SAN FRANCISCO — The Department of Housing and Urban Development is reducing the premiums it charges to insure its mortgages, a move that could save borrowers up to $1 billion a year and spur growth for mortgage lenders that rely heavily on FHA loans.

HUD Secretary Andrew Cuomo said Monday that the agency will reduce its up-front premium by 75 basis points, or one-third of the current 225-basis-point annual premium, when homeowners have built up 22% equity in their home. It also plans to pay premium refunds to current borrowers. The changes, part of the Homebuyer Savings Plan, are to be implemented Jan. 1. The plan is modeled after private mortgage insurance legislation passed by Congress in 1998. Unlike that legislation, the department said, this program will continue to insure the mortgages after the annual premium payments are eliminated.

The initiative could boost the already record U.S. homeownership rate — 67.7% in the third quarter, HUD reported last week — and also give a big lift to mortgage lenders that rely heavily on FHA loans.

John A. Courson, president and chief executive officer of Central Pacific Mortgage in Folsom, Calif., said, “Obviously, we’re very excited” about the program. “It’s dramatic.”

Mr. Courson said FHA loans make up almost 50% of his company’s loans and estimated that the changes could mean up to $1,700 in savings for his customers.

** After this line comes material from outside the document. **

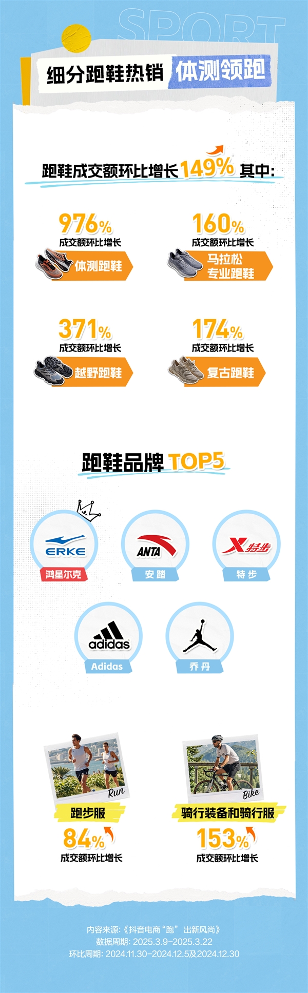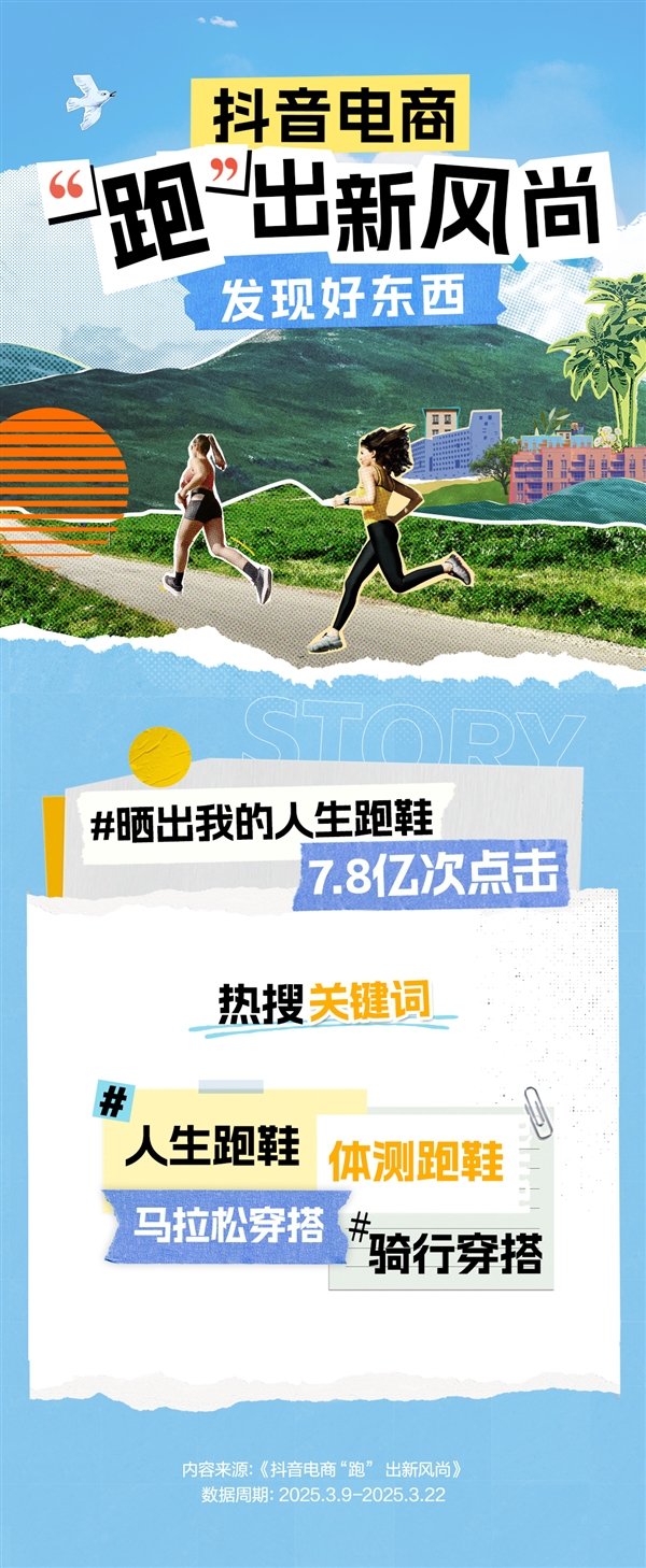 春意渐浓,全民运动热情随气温同步攀升。随着全国马拉松赛事密集开跑、城市骑行活动持续升温,运动消费市场迎来新一轮爆发。抖音电商数据显示,3月以来平台跑步、骑行类商品成交额及话题热度显著上涨,跑鞋成交额环比增长149%,“运动经济”成为春季消费市场的重要增长极。

Tom Jacob, chairman and CEO with Chase Manhattan Mortgage Corp., said: “It’s going to get a lot more people in new homes, especially at the lower end of the economic ladder.

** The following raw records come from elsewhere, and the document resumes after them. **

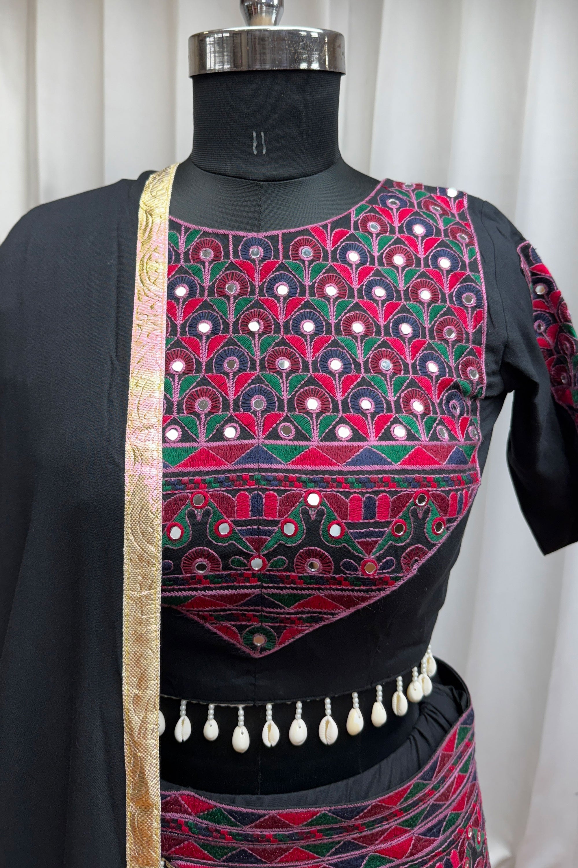 Step into the spirit of Navratri with this vibrant viscose cotton lehenga, a perfect blend of comfort and timeless style. The rich mirror work embroidery creates a dazzling display of artistry while keeping the design graceful and authentic. The soft, high-quality viscose cotton fabric offers exceptional ease of movement, perfect for dancing and social events during festive occasions. Featuring a comfortable fit and carefully finished seams, this lehenga is designed to last through seasons of celebrations. Ideal for pairing with bold jewelry and traditional accessories, this attire is a wardrobe must-have for festive enthusiasts.
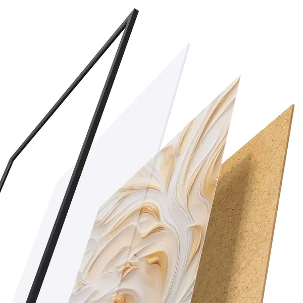 Plagát sa skladá z rámu, plexiskla, vytlačeného obrazu a podkladu z drevotriesky. Plagát možno okamžite zavesiť na stenu vďaka úchytom na zadnej strane.
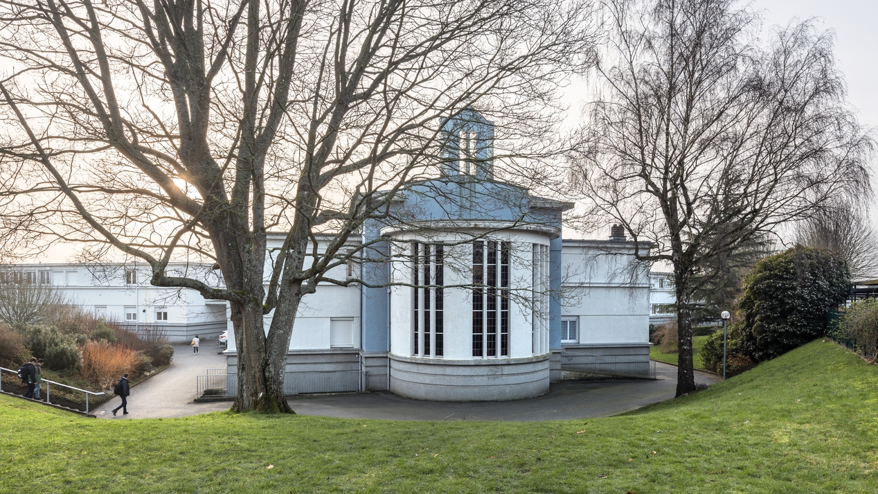 Le chevet et le clocher de la chapelle. Albert Hec architecte, 1939. A l'arrière-plan, à gauche, une des aile du bâtiment C (internat, ancien hospice de vieillards).Immatriculation
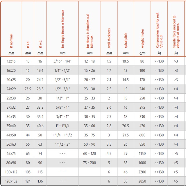 | Kód | Určeno na hadici [mm] | Vnější rozměr (mm) | Vnitřní rozměr (mm) | Síla stěny hadice (mm) | Hmotnost (kg) | Balení [MJ] | Vnější průměr (mm) | Vnitřní průměr (mm) | MJ | Cena / MJ | |
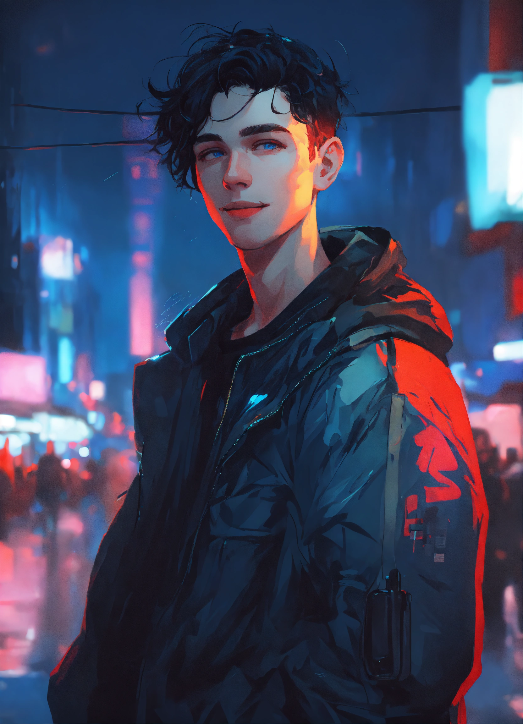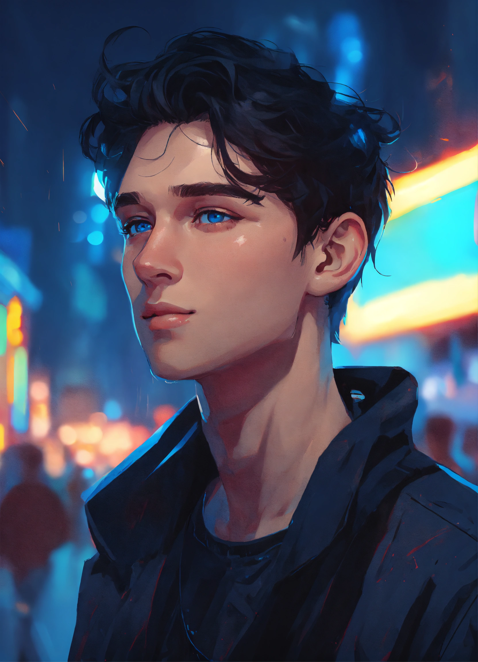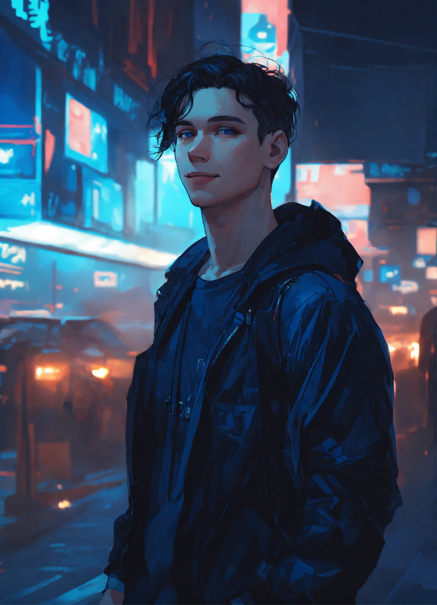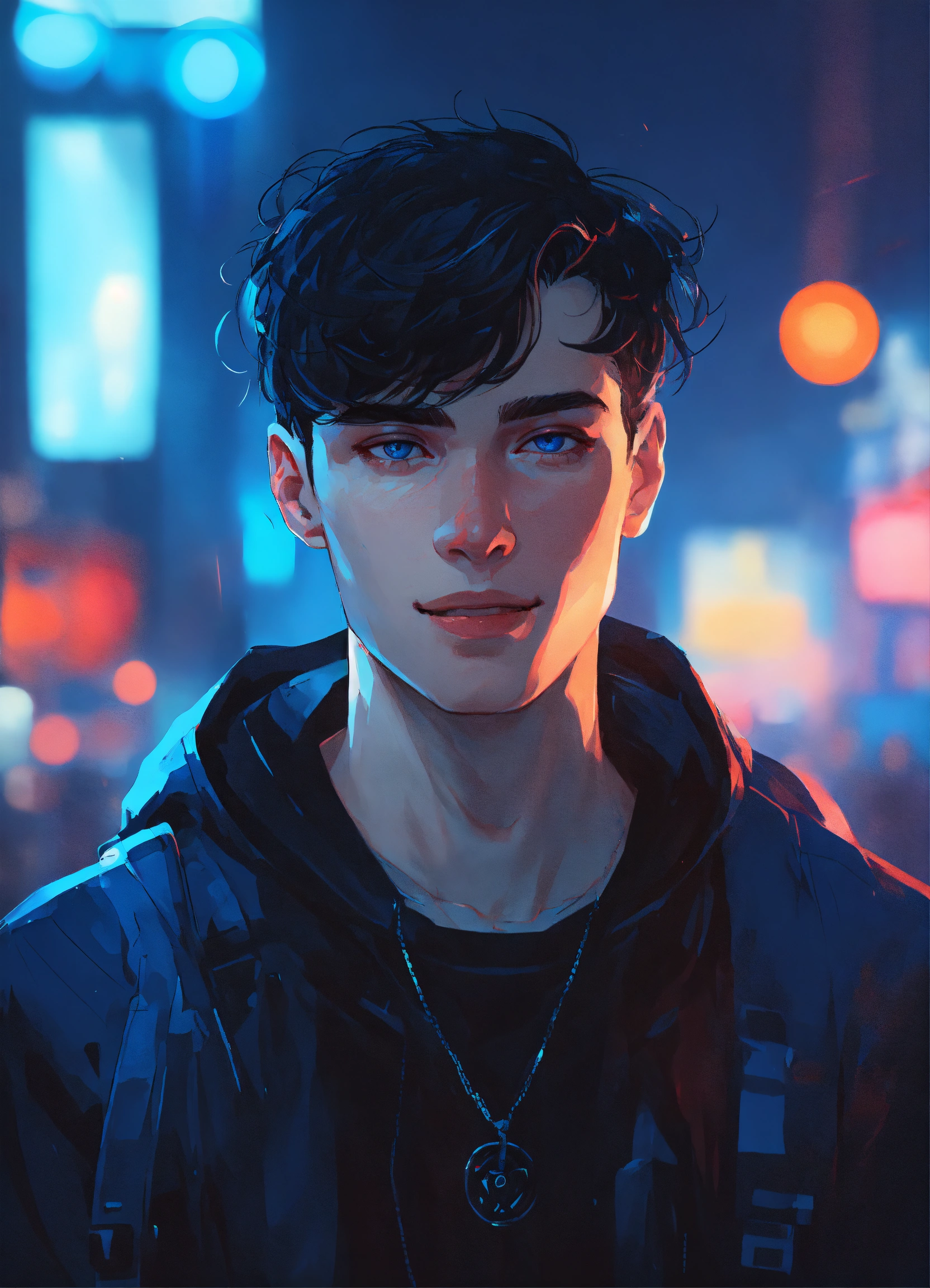 Highly detailed night time portrait of pale skin russian young man 27 years old, smile, blue eyes, dimples, black hair, in black and blue streetstyle, by atey ghailan, by james gilleard, black, grunge aesthetic!!! cyberpunk background

“This is probably one the best initiatives by HUD to get more minorities … into homes than any program in several years.” Mr. Cuomo said HUD will conduct a $10 million advertising campaign for the program.

“We need to get the word out to say that now is the time to buy a home,” he said.

HUD insured a record 1.3 million home loans last year, for a total of $125 billion in mortgage lines of credit. HUD-backed loans target low- and moderate-income families, with special emphasis on minority households and underserved communities.

The plan also provides for current FHA borrowers to receive a refund on premium paid when they sell their home or refinance their loan.

Refunds from the FHA surplus, which has been growing in recent years thanks to the booming demand for housing, will be available for roughly 200,000 borrowers in the program’s first year. The surplus has not returned premiums to homeowners since 1990.

Andrew D. Woodward, chairman of Bank of America Mortgage and incoming president of the Mortgage Bankers Association, said the insurance premium savings “will enable lenders to help more working families narrow the gap between their take-home pay and their mortgage payment.”


Dow Jones contributed to this article.